The reflectivity and refractive index are two important parameters necessary for solar applications. The reflectivity gives a measure of reflecting light or radiation. When it comes to solar cells, the less the material surfaces reflect a sun’s rays, the more energy can be generated. The refractive index of a material, on the other hand, shows its transparency. The optical reflectivity of α–SrZrS3 (Figure 6c) shows a high reflectivity in the y–direction, starts at about 30.2% and reaches a maximum value of about 68.2% at an energy of about 3.8 eV. The static reflectivity in the x, y, and z directions are predicted at about 23%, 30%, and 26%, respectively. This indicate that the least reflection occurs in the z direction. The calculated static reflectivity of β–SrZrS3 (Figure 7c) is predicted to be about 30%, 34% and 38% in the y, z, and x directions, respectively. The reflectivity reaches a maximum (82.2%) at an energy of about 3.5 eV. The high reflectivity in the visible region could cause a significant loss in solar cell efficiency of devices fabricated. Optical losses from reflected light from the front surface can be reduces through surface texturing and anti–reflection coatings. The refractive index is predicted in the range of 2.8–3.5 for α–SrZrS3 (Figure 6d) and 3.5–4.0 for β–SrZrS3 (Figure 7d). The calculated refractive indexes for α– and β–SrZrS3 are similar to the refractive index of Si (η = 3.4 at 550 nm) [49].

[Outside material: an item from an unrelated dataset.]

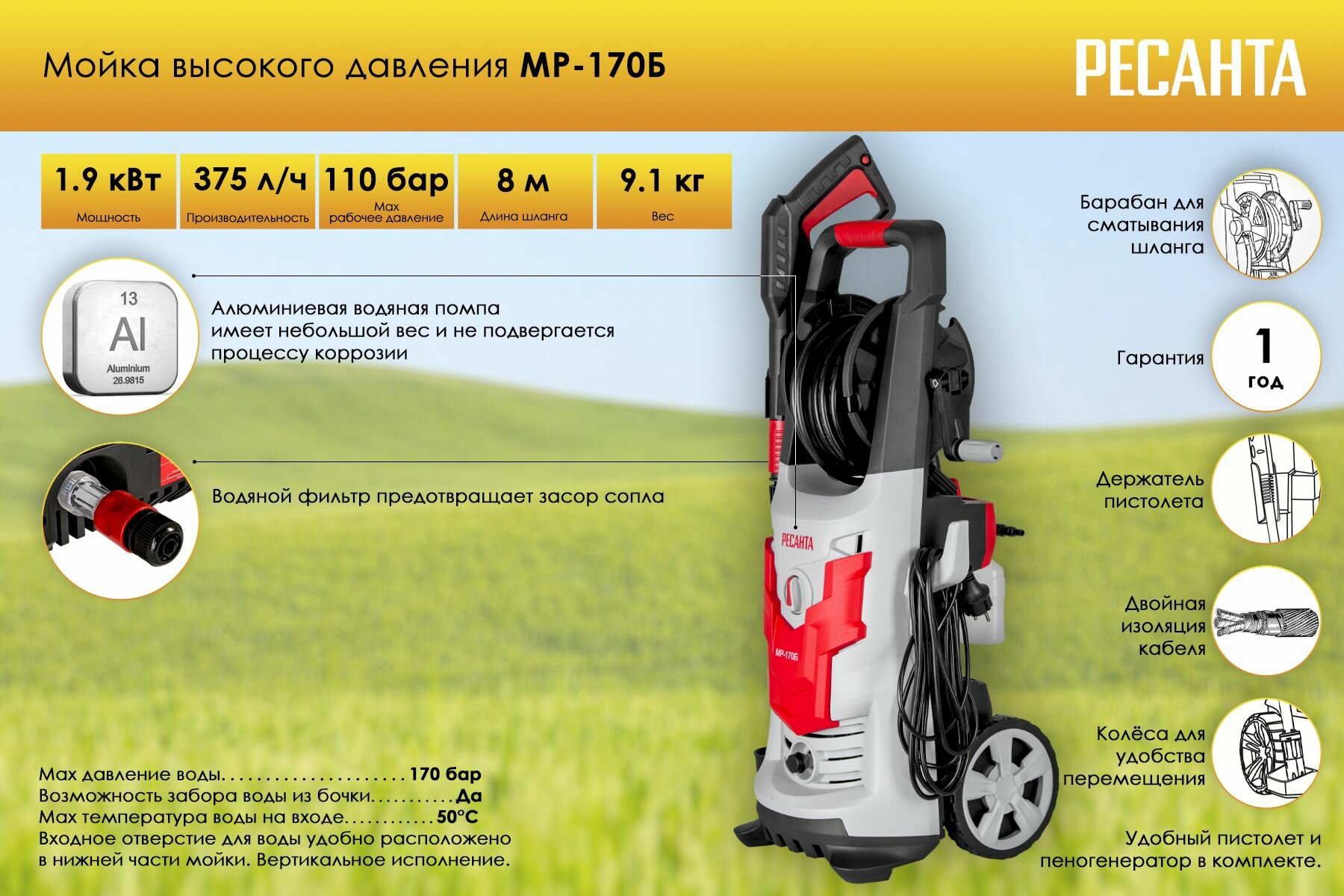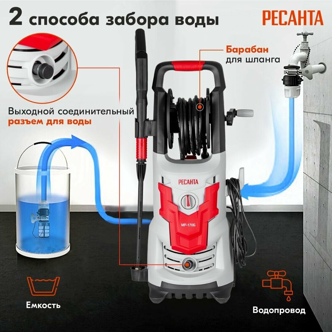 Мойка высокого давления Ресанта МР-170Б с функцией самовсасывания, автомойка, керхер.

4. Summary and Conclusions

We performed comprehensive first–principles GGA and hybrid DFT investigations the structures and properties α–SrZrS3 and β–SrZrS3 transition metal chalcogenide perovskites. Both α– and β–SrZrS3 materials were demonstrated to be mechanically stable at ambient conditions, based on their calculated single–crystal elastic constants. The predicted electronic structures show that both α– and β–SrZrS3 are direct band gaps absorbers with band gap of calculated at 1.38, and 1.95 eV, respectively, in close agreement with estimates from diffuse–reflectance measurements. Based on the dielectric functions obtained, we show that α– and β–SrZrS3 have strong light absorption in the visible region, as reflected in their high optical absorbance (in the order 105 cm−1). The β–SrZrS3 shows a stronger absorption around 2 eV than α–SrZrS3. The first theoretical prediction of effective masses of photo-generated charge carriers, in α– and β–SrZrS3 materials, suggest s high-mobility (high-conductivity) and low recombination rate of photo-carriers in these materials, making them attractive for solar cell and other optoelectronic applications.